Word for word, output the data, with none of its pictures.

= Beginning of Section =

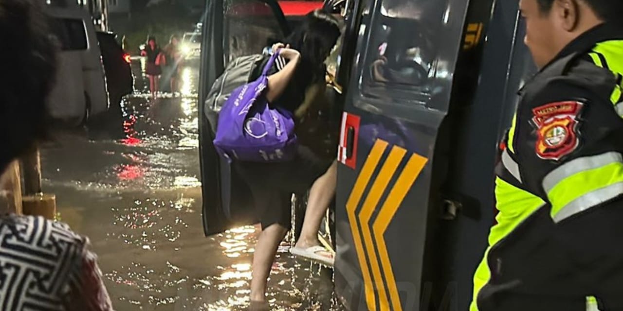 Banjir yang melanda beberapa wilayah di Serpong Utara membuat sejumlah warga kesulitan beraktivitas. Menanggapi kondisi ini, personel Polri segera diterjunkan untuk memberikan bantuan. Terlihat beberapa anggota bahu-membahu mengevakuasi warga dari rumah mereka yang terendam air.
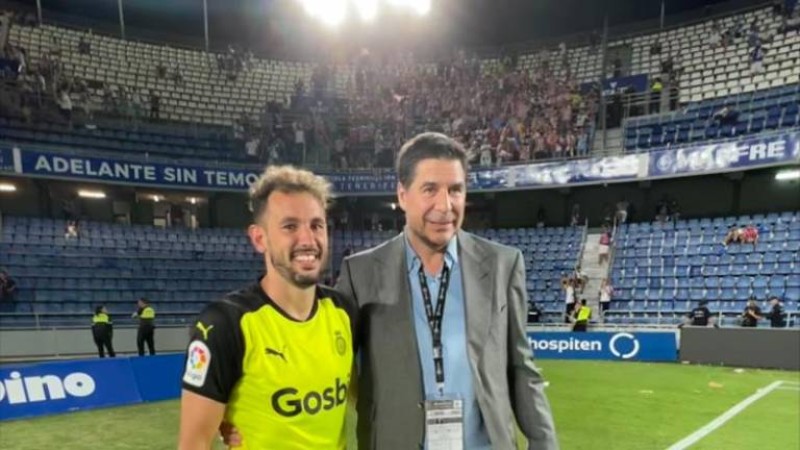 $!Claure con el delantero uruguayo Stuani, ayer en Tenerife.
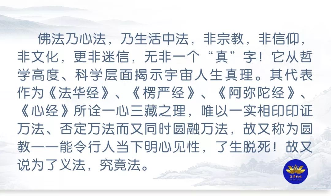 自古“成佛的法华,开悟的楞严”,《法华论坛》是大力广宣并讲解《大乘妙法莲华经》、《大佛顶首楞严经》的大型综合性佛教网站。网站致力于弘扬究竟了义的真理,成就中国特色的佛教,圆融佛法与天地万法包括哲学、科学、文化等领域于一体,为社会主义核心价值观强基固本,为共享共建人类命运共同体凝魂聚气。
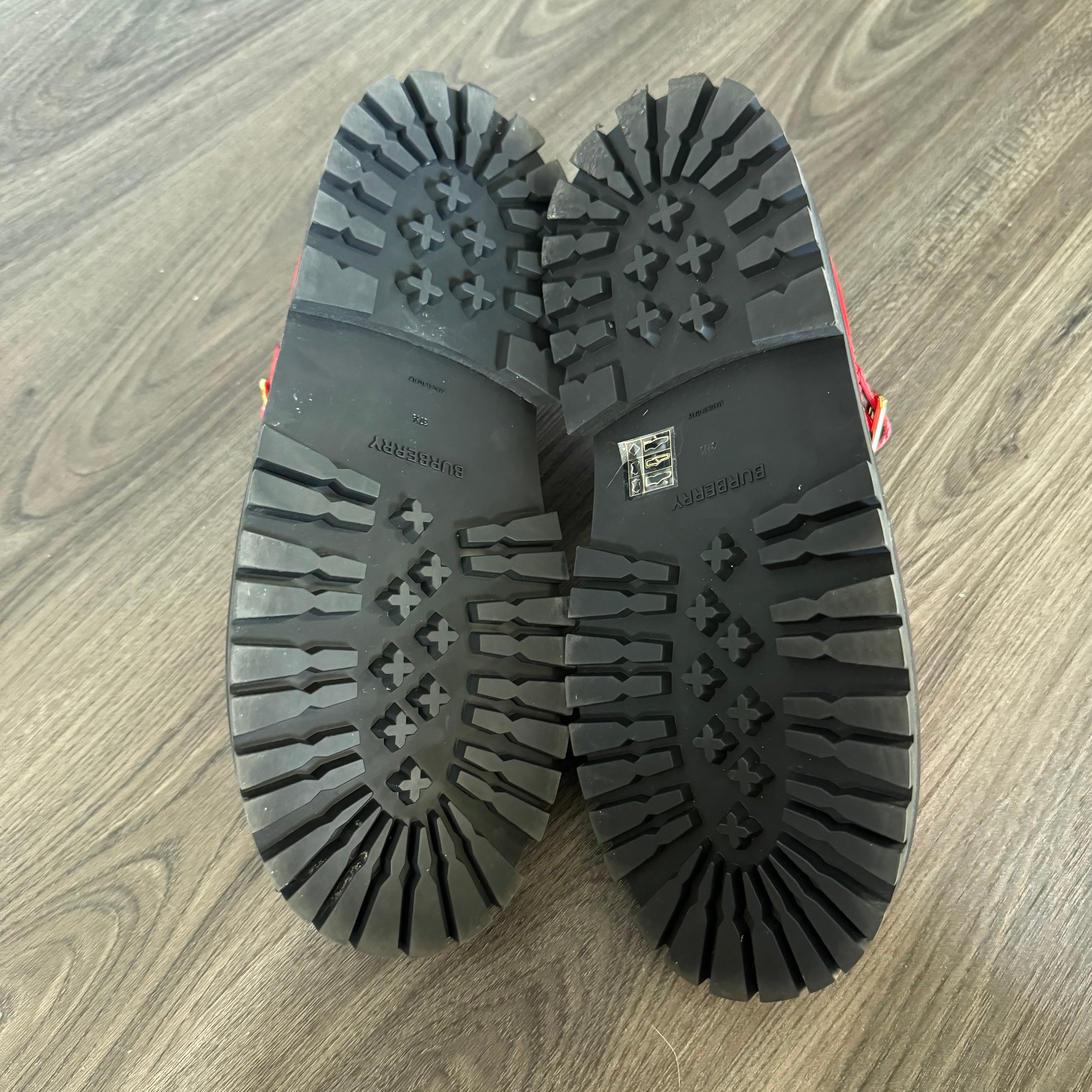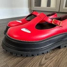 Burberry Aldwych Red Smooth Leather T-Bar Black Chunky Platform Flats
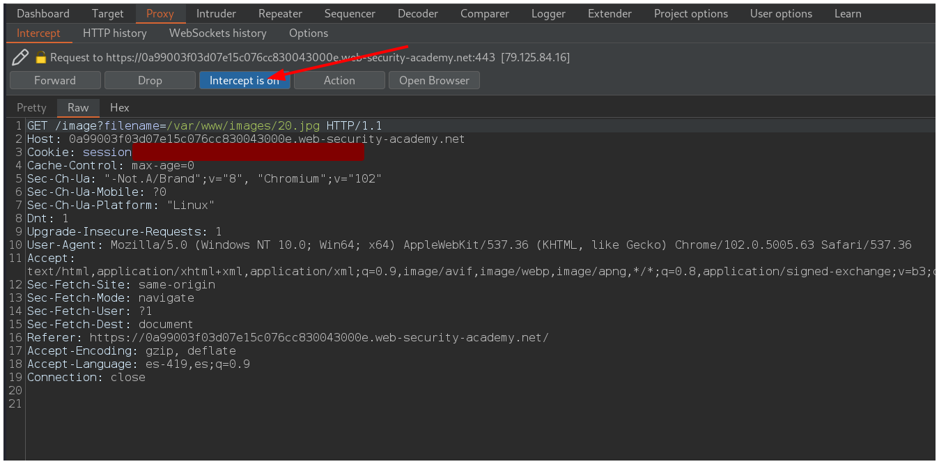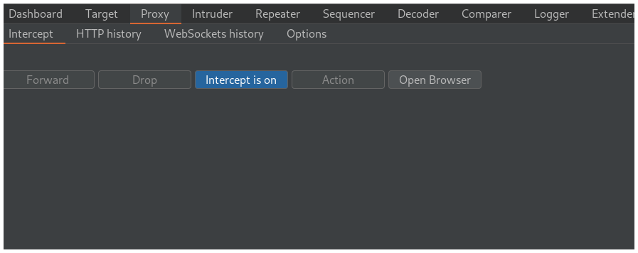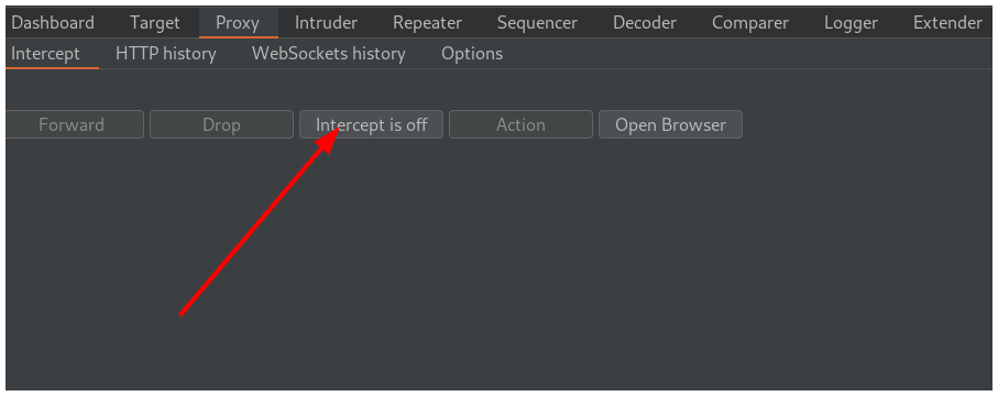 Luego vamos a Burpsuite y hacemos clikc en el botón Intercept is off para interceptar las peticiones.
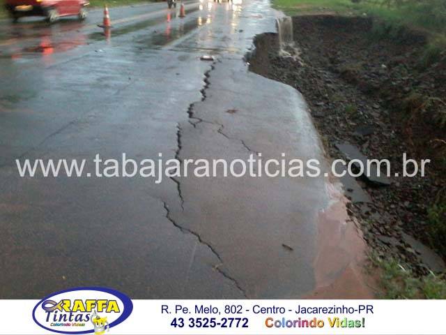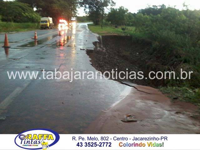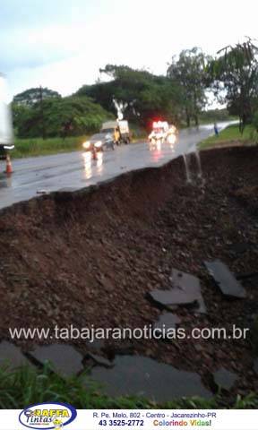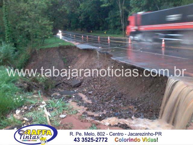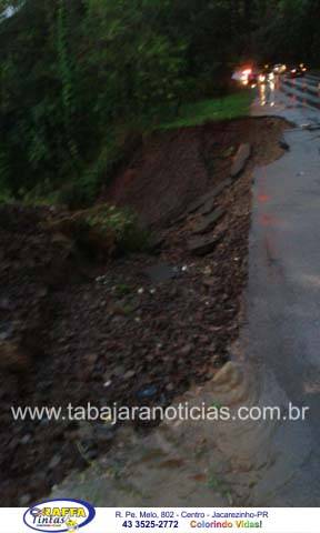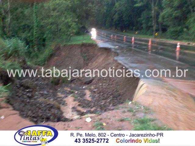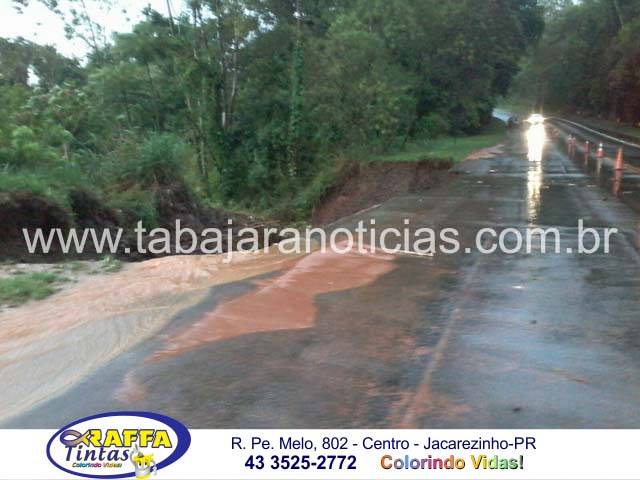 Na BR 153 uma encosta desabou levando parte do acostamento e uma parte da pista foi interditada no km 17, próximo ao Alambique, um grande buraco se formou no local, na tarde de hoje o buraco já foi tapado pela Econorte e o transito já flui normalmente no local
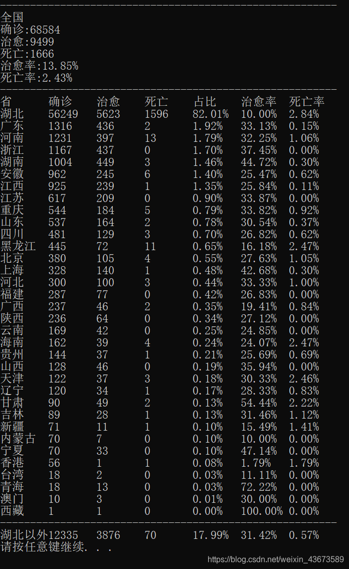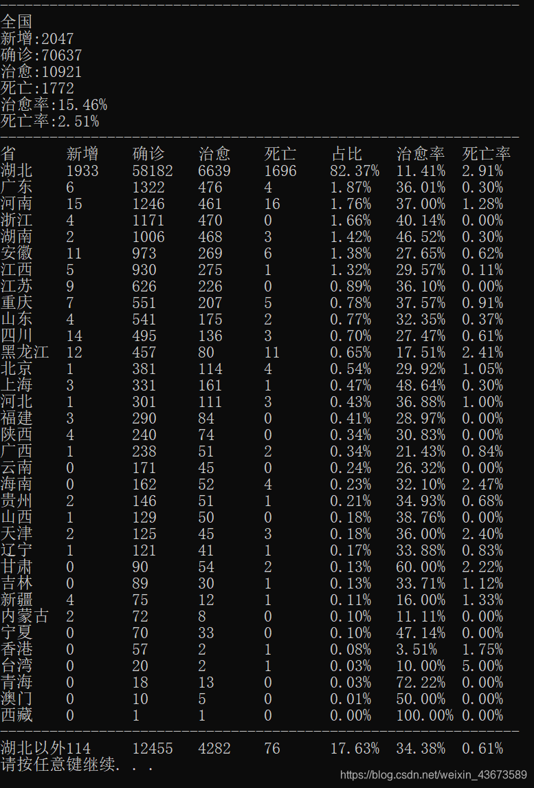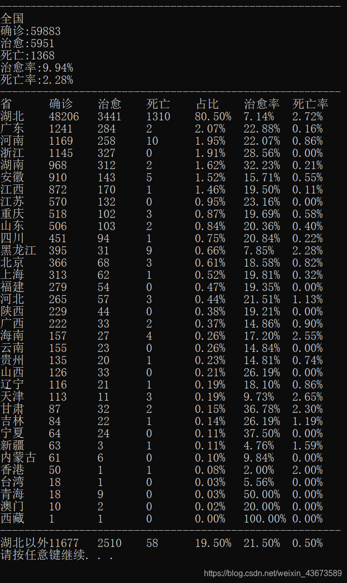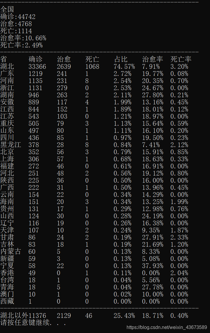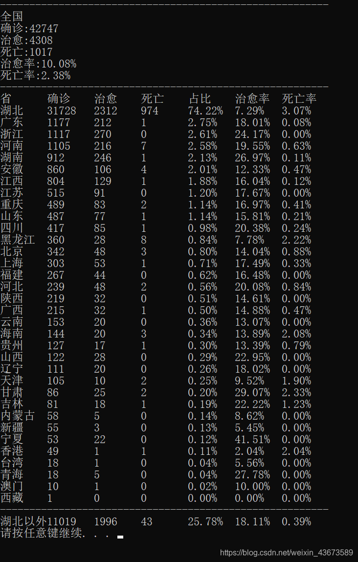 cout<<"湖北\n新增:"<<total3<<"\n确诊:"<<total<<"\n治愈:"<<total1<<"\n死亡:"<<total2<<"\n治愈率:"<<setiosflags(ios::fixed)<<setprecision(2)<<(double)total1/total*100<<"%"<<"\n死亡率:"<<(double)total2/total*100<<"%"<<endl;

= End of Section =

Solution below:
 Banjir yang melanda beberapa wilayah di Serpong Utara membuat sejumlah warga kesulitan beraktivitas. Menanggapi kondisi ini, personel Polri segera diterjunkan untuk memberikan bantuan. Terlihat beberapa anggota bahu-membahu mengevakuasi warga dari rumah mereka yang terendam air.
 $!Claure con el delantero uruguayo Stuani, ayer en Tenerife.
 自古“成佛的法华,开悟的楞严”,《法华论坛》是大力广宣并讲解《大乘妙法莲华经》、《大佛顶首楞严经》的大型综合性佛教网站。网站致力于弘扬究竟了义的真理,成就中国特色的佛教,圆融佛法与天地万法包括哲学、科学、文化等领域于一体,为社会主义核心价值观强基固本,为共享共建人类命运共同体凝魂聚气。
 Burberry Aldwych Red Smooth Leather T-Bar Black Chunky Platform Flats
 Luego vamos a Burpsuite y hacemos clikc en el botón Intercept is off para interceptar las peticiones.
 Na BR 153 uma encosta desabou levando parte do acostamento e uma parte da pista foi interditada no km 17, próximo ao Alambique, um grande buraco se formou no local, na tarde de hoje o buraco já foi tapado pela Econorte e o transito já flui normalmente no local
 cout<<"湖北\n新增:"<<total3<<"\n确诊:"<<total<<"\n治愈:"<<total1<<"\n死亡:"<<total2<<"\n治愈率:"<<setiosflags(ios::fixed)<<setprecision(2)<<(double)total1/total*100<<"%"<<"\n死亡率:"<<(double)total2/total*100<<"%"<<endl;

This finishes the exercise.